Aim of the task:
Repeat all the records exactly, omitting pictures.

*** Opening Input data ***

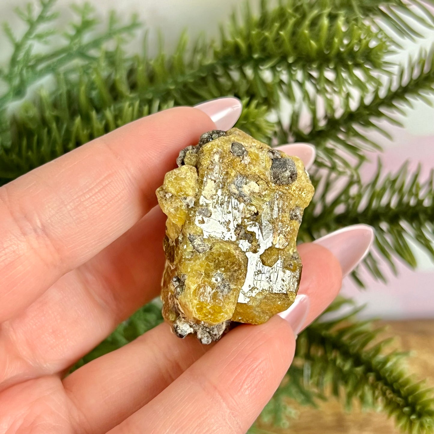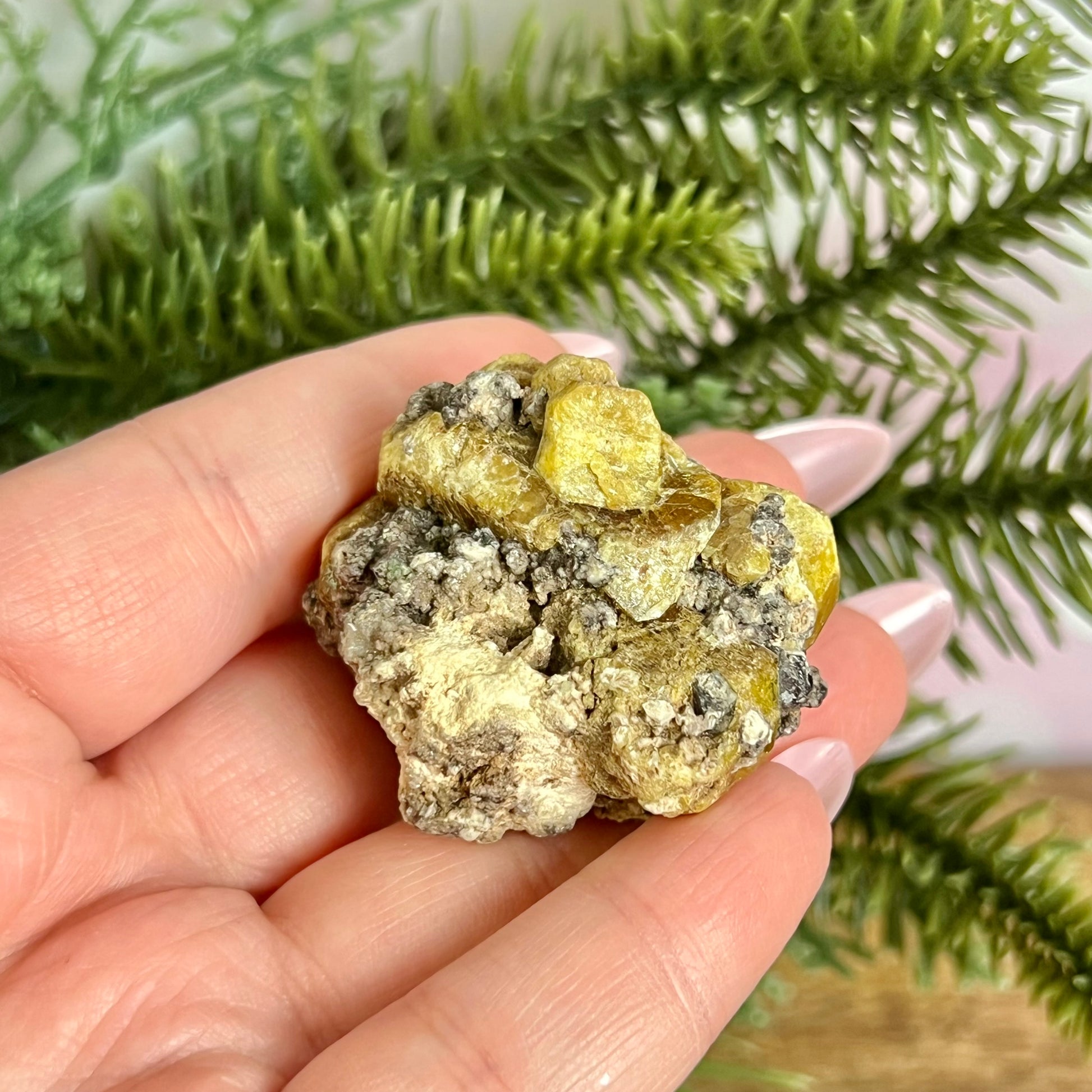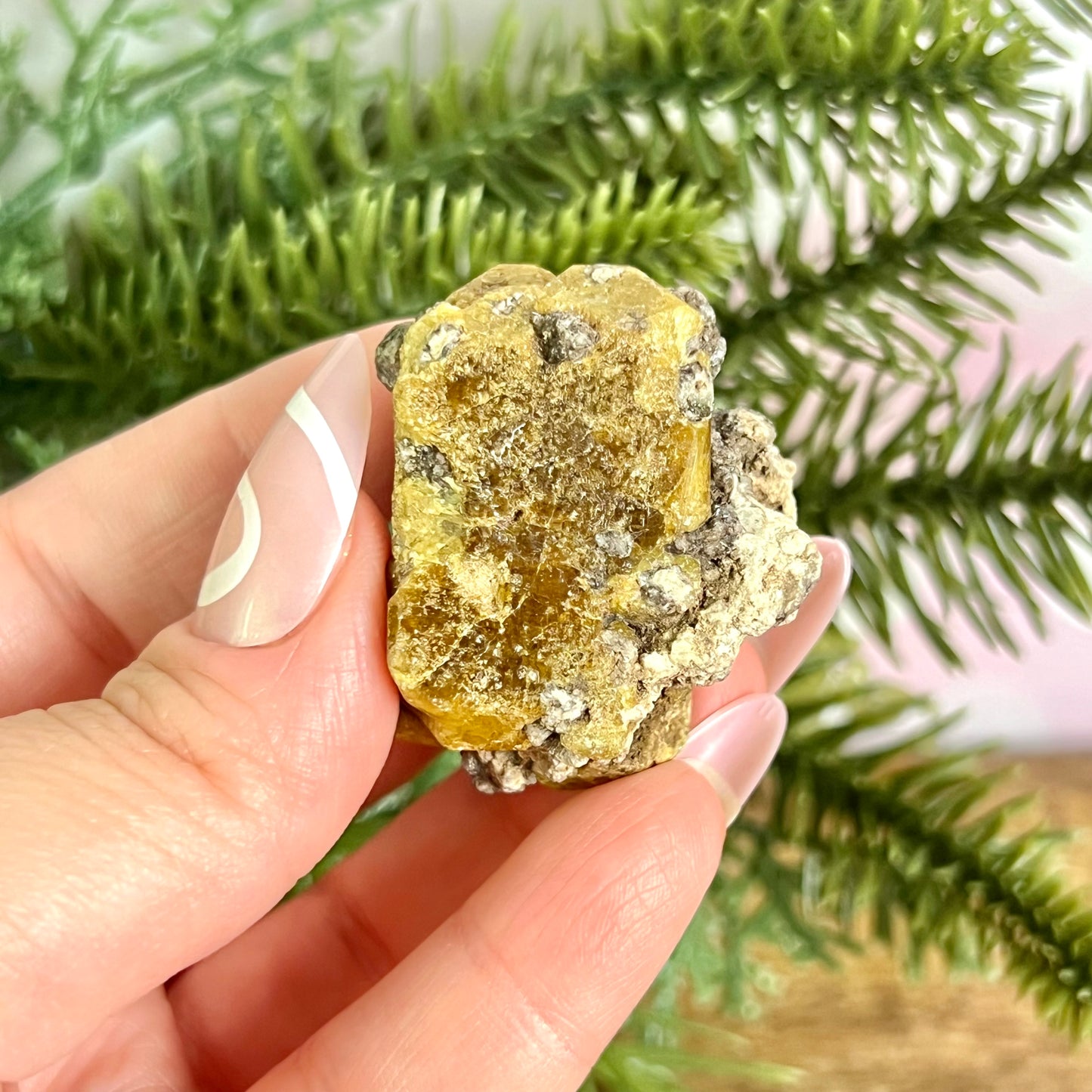 Enhance your spiritual practices with this beautiful Vesuvianite natural gemstone specimen. This crystal features a lovely mustard yellow color with some beige matrix.
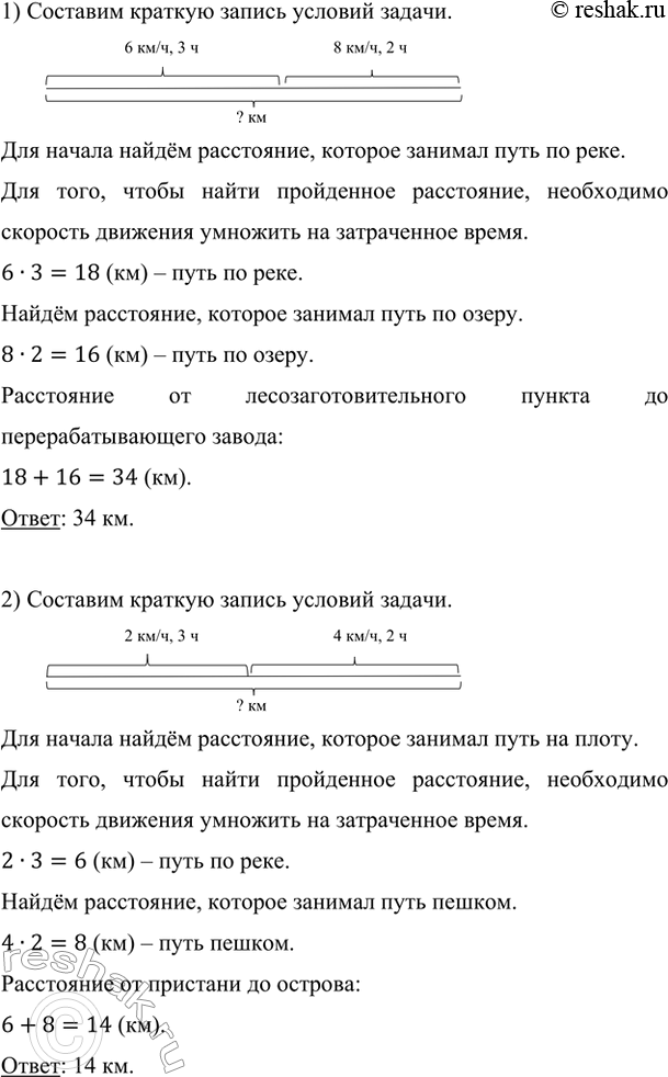 1) От лесозаготовительного пункта до деревоперерабатывающего завода лес сначала сплавляли по реке, скорость которой 6 км/ч, а затем буксировали по озеру. Найдите расстояние от лесозаготовительного пункта до деревоперерабатывающего завода, если сплав по реке занял 3 ч, а буксировка по озеру — 2 ч со скоростью 8 км/ч.
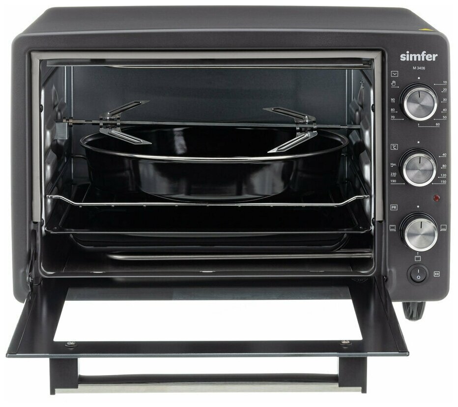 Лучшие цены. Электрическая мини-печь Simfer M3406 выпускается в качестве ростера. Этим термином обозначают универсальные и компактные бытовые устройства, которые предназначены для приготовления или разогрева самых разных блюд – мясных, рыбных, выпечки и т. д. Чтобы реализовать настолько широкий функционал на практике известный турецкий производитель предусмотрел четыре разных режима работы мини-печи, включая: Верхний нагрев; Нижний нагрев; Сочетание верхнего и нижнего нагрева; Вертел. Магазины в вашем городе.
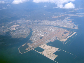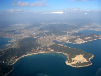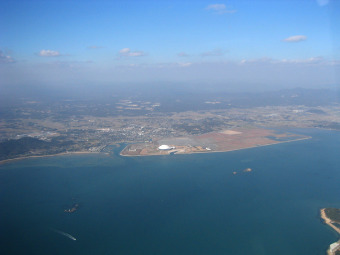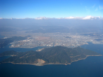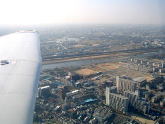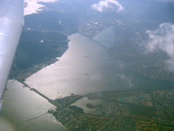 岡山上空です。中央の川に沿って岡南空港が見えています。 |
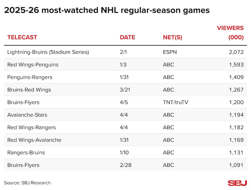 The Lightning-Bruins Stadium Series game on Feb. 1 on ESPN was the best NHL audience this season at 2.07 million viewers, which also was the best regular-season game ever on cable TV. ABC’s best game was Red Wings-Penguins on Jan. 3 (1.59 million).

*** Closing Input data ***

Response to this task:
 Enhance your spiritual practices with this beautiful Vesuvianite natural gemstone specimen. This crystal features a lovely mustard yellow color with some beige matrix.
 1) От лесозаготовительного пункта до деревоперерабатывающего завода лес сначала сплавляли по реке, скорость которой 6 км/ч, а затем буксировали по озеру. Найдите расстояние от лесозаготовительного пункта до деревоперерабатывающего завода, если сплав по реке занял 3 ч, а буксировка по озеру — 2 ч со скоростью 8 км/ч.
 Лучшие цены. Электрическая мини-печь Simfer M3406 выпускается в качестве ростера. Этим термином обозначают универсальные и компактные бытовые устройства, которые предназначены для приготовления или разогрева самых разных блюд – мясных, рыбных, выпечки и т. д. Чтобы реализовать настолько широкий функционал на практике известный турецкий производитель предусмотрел четыре разных режима работы мини-печи, включая: Верхний нагрев; Нижний нагрев; Сочетание верхнего и нижнего нагрева; Вертел. Магазины в вашем городе.
 岡山上空です。中央の川に沿って岡南空港が見えています。 |
 The Lightning-Bruins Stadium Series game on Feb. 1 on ESPN was the best NHL audience this season at 2.07 million viewers, which also was the best regular-season game ever on cable TV. ABC’s best game was Red Wings-Penguins on Jan. 3 (1.59 million).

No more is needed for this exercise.